The line 29 looks funny. Something is wrong with the code formatting on the forum
I hope I got it right…
You have input[512][2048] and you want output[512] with output[i]=sum_j (intput[i][j]).
__global__ void Baseline_Summation(int *input,int *output)
int tid=threadIdx.x;
__shared__ int temp[2048]; // 'static' shared memory declaration
int ii;
ii=blockIdx.x*2048;
temp[tid]=intput[ii+tid];
temp[tid+512]=intput[ii+512+tid];
temp[tid+1024]=intput[ii+1024+tid];
temp[tid+1536]=intput[ii+1536+tid];
temp[tid]=temp[tid]+temp[tid+512]+temp[tid+1024]+temp[tid+1536];
__syncthreads();
for(unsigned int s=256; s>=1; s=s/2)
{
if(tid< s)
{
temp[tid] += temp[tid + s];
}
//////////////////////////////
__syncthreads();
}
if(tid == 0) output[blockIdx.x] = temp[0];
}
// in the program use
Baseline_Summation< < < 512,512 > > >(intput,output);
This will work for input[512][2048],output[512], the kernel is launched with 512 blocks, with 512 threads for each block (for other grid configurations the kernel needs to be changed)

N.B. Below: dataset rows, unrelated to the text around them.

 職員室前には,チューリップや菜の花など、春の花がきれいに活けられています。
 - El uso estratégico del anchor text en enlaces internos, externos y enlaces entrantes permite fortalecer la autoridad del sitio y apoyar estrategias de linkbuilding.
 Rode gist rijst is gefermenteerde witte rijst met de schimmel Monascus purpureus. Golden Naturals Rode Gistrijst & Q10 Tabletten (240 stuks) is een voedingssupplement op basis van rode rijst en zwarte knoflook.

Well I think I misunderstood your question, but the code should work if the data is properly put in the matrix. The line you highlighted does not mean that the output is the same. temp array is shared and it is local to each block. temp[0] collects the sum in each block. There are 2048 blocks and temp[0] will be different (local) in each block.
The code does not work for your problem, but it is correct.

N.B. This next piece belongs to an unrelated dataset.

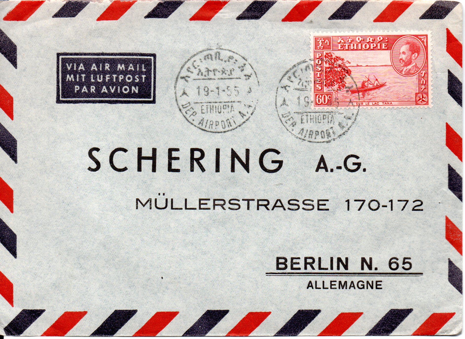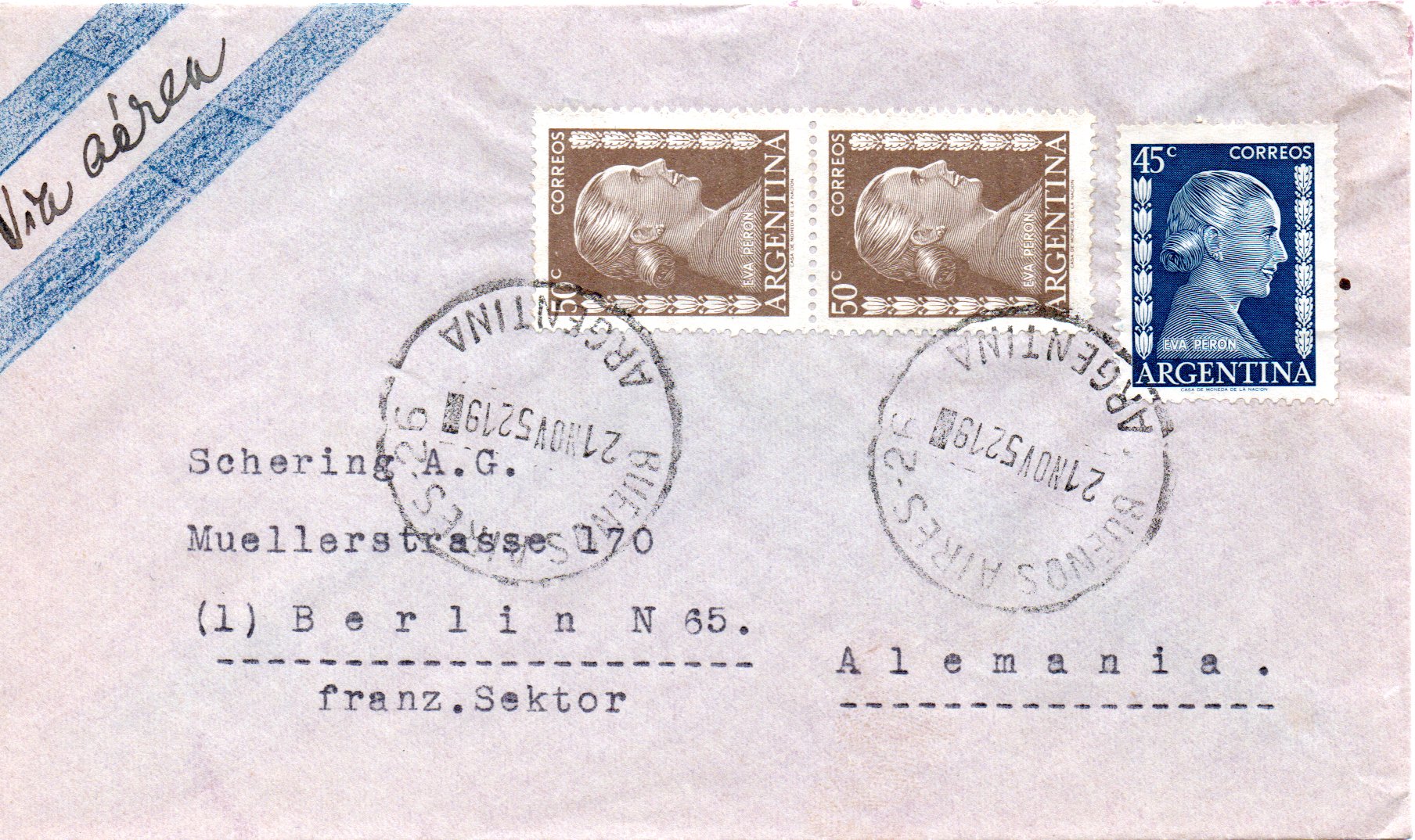 vor einiger Zeit habe ich eine Kiste mit Briefen aus den 1950-er Jahren erstanden. Zu meiner eigentlichen Sammlung hat dieser Posten so gar keinen Bezug, einfach liegenlassen konnte ich so einen Fund irgendwie aber auch nicht. Die Briefe aus fast allen Teilen der Welt waren dafür einfach zu spannend. Also bin ich auf Entdeckungsreise gegangen und habe die über 300 Briefe ein wenig durchsucht und geordnet. Dabei habe ich festgestellt das die Briefe zum großen Teil Geschäftskorrespondenz der Schering AG aus Berlin sind. Aus über 300 Briefen sind nach dem Durchsuchen um die 50 Briefe übriggeblieben die denke ich schön die Geschäftsverbindungen in die ganze Welt aufzeigen und damit auch ein schönes Zeitdokument aus den 1950-er Jahren ist. Und von diesen Briefen möchte ich von Zeit zu Zeit mal ein paar zeigen. Vielleicht kann ja der eine oder andere etwas zu den Briefen ergänzen da sich mein Wissen auf die Michelnummer der Markenausgaben bzw. das Stempeldatum beschränken wird. Übrigens sind die aussortierten Briefe jetzt nicht wieder in einen dunklen Karton gelandet, die habe ich den örtlichen Sammlerverein gespendet. Wäre doch schade wenn so etwas wieder in der Versenkung verschwindet.

It is important how do you construct the input array. In my examples I map the 2D matrix to a 1D array. The element 2dinput[i][j] is store in 1dinput[j+i*nj] where i=0 -->ni-1 and j=0 → nj-1. Both examples I posted sums along the second dimension but in one case ni=512, nj=2048, while in the other case ni=2048,nj=512. I am alawys confuesed about what one means when referring to the rows/lines of a matrix
You need to expose you problem in a concise manner. The reduction problem is quite straight forward and you will be able to implement quite easy.